#### Material provided ####

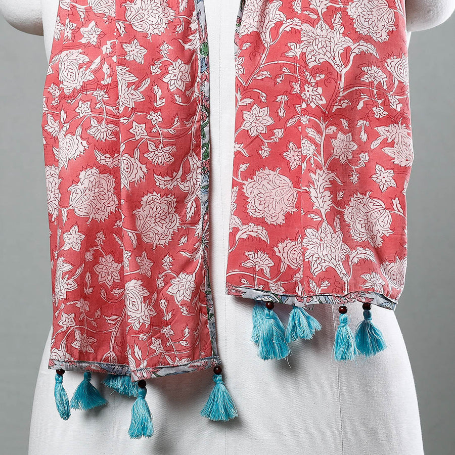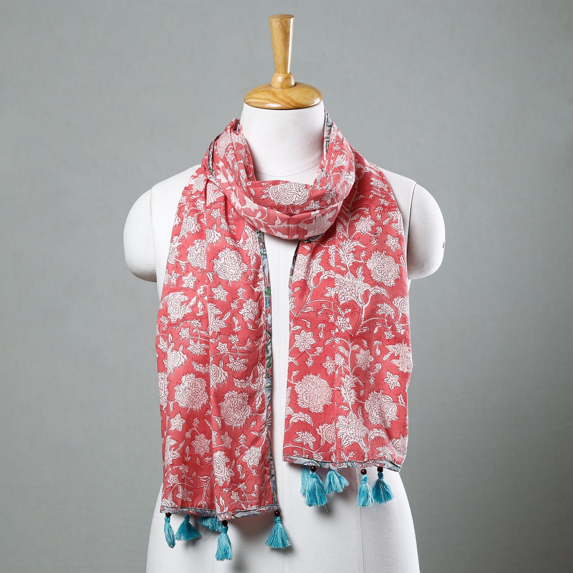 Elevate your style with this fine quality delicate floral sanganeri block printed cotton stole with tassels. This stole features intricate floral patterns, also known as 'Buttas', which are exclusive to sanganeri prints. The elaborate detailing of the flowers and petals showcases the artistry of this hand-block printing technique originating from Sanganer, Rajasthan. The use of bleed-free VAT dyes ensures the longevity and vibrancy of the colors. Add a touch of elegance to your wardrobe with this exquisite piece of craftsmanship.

####
#### Material provided ####

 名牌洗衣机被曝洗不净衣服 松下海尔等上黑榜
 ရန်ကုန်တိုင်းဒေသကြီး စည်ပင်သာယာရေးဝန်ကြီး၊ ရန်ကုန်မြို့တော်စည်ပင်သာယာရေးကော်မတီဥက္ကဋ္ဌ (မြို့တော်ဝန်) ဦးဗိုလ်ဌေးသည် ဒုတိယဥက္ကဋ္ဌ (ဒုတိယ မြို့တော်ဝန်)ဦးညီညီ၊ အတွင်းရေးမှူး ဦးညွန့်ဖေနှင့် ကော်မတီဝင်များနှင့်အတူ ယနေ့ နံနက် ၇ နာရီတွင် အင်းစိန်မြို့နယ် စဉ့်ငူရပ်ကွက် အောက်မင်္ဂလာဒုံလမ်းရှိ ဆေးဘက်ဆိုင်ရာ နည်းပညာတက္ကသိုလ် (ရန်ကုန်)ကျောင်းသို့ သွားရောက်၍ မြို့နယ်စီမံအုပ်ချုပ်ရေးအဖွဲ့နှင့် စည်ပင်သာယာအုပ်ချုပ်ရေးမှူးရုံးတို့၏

####

> **What you have to do**
In the entries above, find the line with "名牌洗衣机被曝洗不净衣服 松下海尔等上黑榜" and the line with "(မြို့တော်ဝန်) ဦးဗိုလ်ဌေးသည် ဒုတိယဥက္ကဋ္ဌ", then set down exactly those two and every line between them, nothing else.

> **Written answer**
 名牌洗衣机被曝洗不净衣服 松下海尔等上黑榜
 ရန်ကုန်တိုင်းဒေသကြီး စည်ပင်သာယာရေးဝန်ကြီး၊ ရန်ကုန်မြို့တော်စည်ပင်သာယာရေးကော်မတီဥက္ကဋ္ဌ (မြို့တော်ဝန်) ဦးဗိုလ်ဌေးသည် ဒုတိယဥက္ကဋ္ဌ (ဒုတိယ မြို့တော်ဝန်)ဦးညီညီ၊ အတွင်းရေးမှူး ဦးညွန့်ဖေနှင့် ကော်မတီဝင်များနှင့်အတူ ယနေ့ နံနက် ၇ နာရီတွင် အင်းစိန်မြို့နယ် စဉ့်ငူရပ်ကွက် အောက်မင်္ဂလာဒုံလမ်းရှိ ဆေးဘက်ဆိုင်ရာ နည်းပညာတက္ကသိုလ် (ရန်ကုန်)ကျောင်းသို့ သွားရောက်၍ မြို့နယ်စီမံအုပ်ချုပ်ရေးအဖွဲ့နှင့် စည်ပင်သာယာအုပ်ချုပ်ရေးမှူးရုံးတို့၏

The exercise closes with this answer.